The Brisbane Tramways Corporation justified the overseas purchase in a report shortly before arrival:
“The American cars are in use all over the world, and are noted for their elegance of shape, their finish and lightness (a most important consideration in this climate), combined with strength, durability, and a degree of comfort that is met with in the makes of but few manufacturers.”
An article in The Brisbane Courier also described the shipment:
“The cars are constructed of cedar and mahogany, highly polished, and fitted with all the latest improvements”.

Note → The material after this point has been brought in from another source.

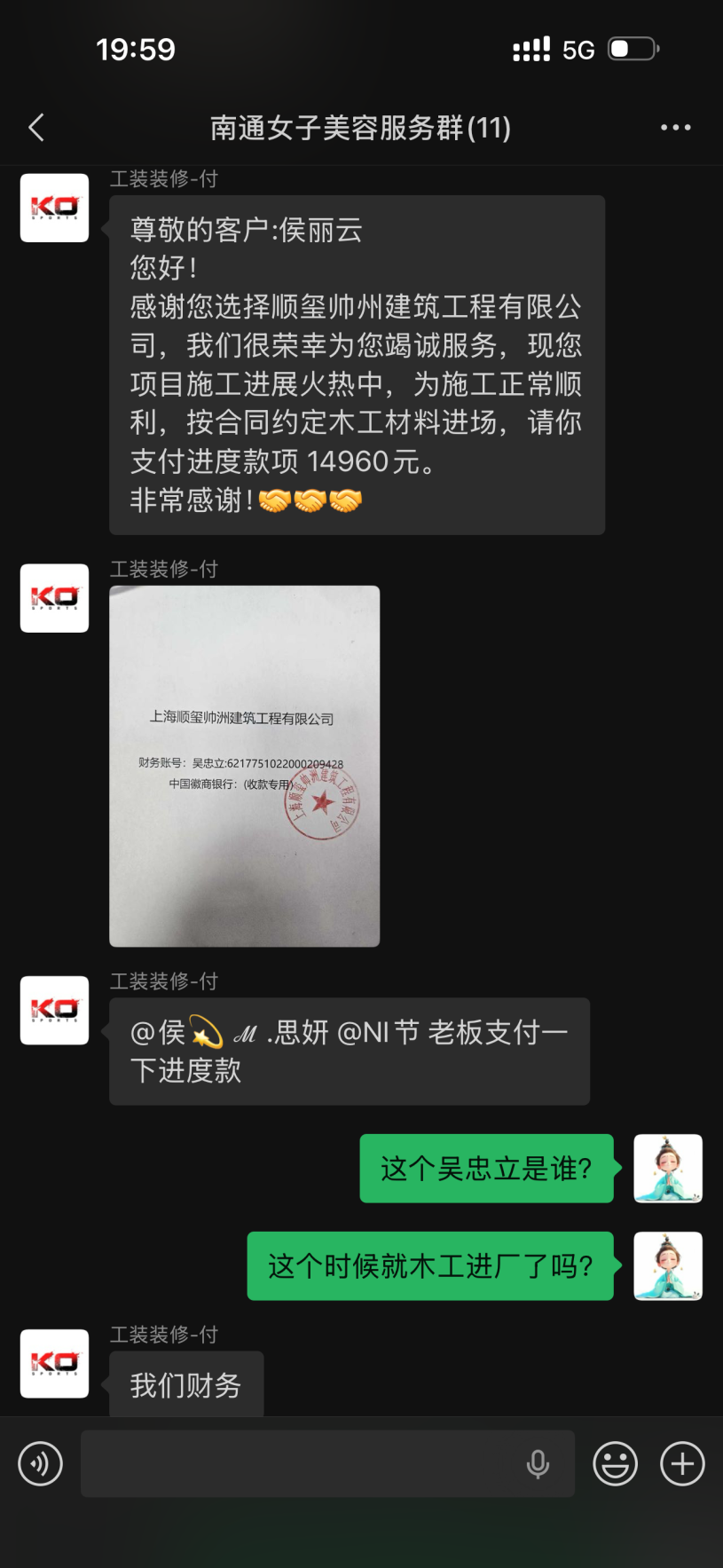5. 收款账户异常:前两笔款打入公司账户,第三笔突然要求转入吴忠立个人账户(621775102200029***),试图规避资金监管。

An official Government party boarded the first tram on Monday, 10 August, 1885. Pulled by a team of four magnificent show horses it was a sight to behold, but the horses were unaccustomed to walking between rail lines and the tram derailed several times. There was also concern when the driver’s whip almost struck several officials on the top deck!
If you want to see an early horse-drawn tram, the museum has one of the very first in its collection. Originally made by Stephenson & Co of New York in 1885, it now wears a reproduction body built by the Brisbane City Council in 1959. Sadly, tram horses are in short supply these days, so the museum has to rely on human power for special events!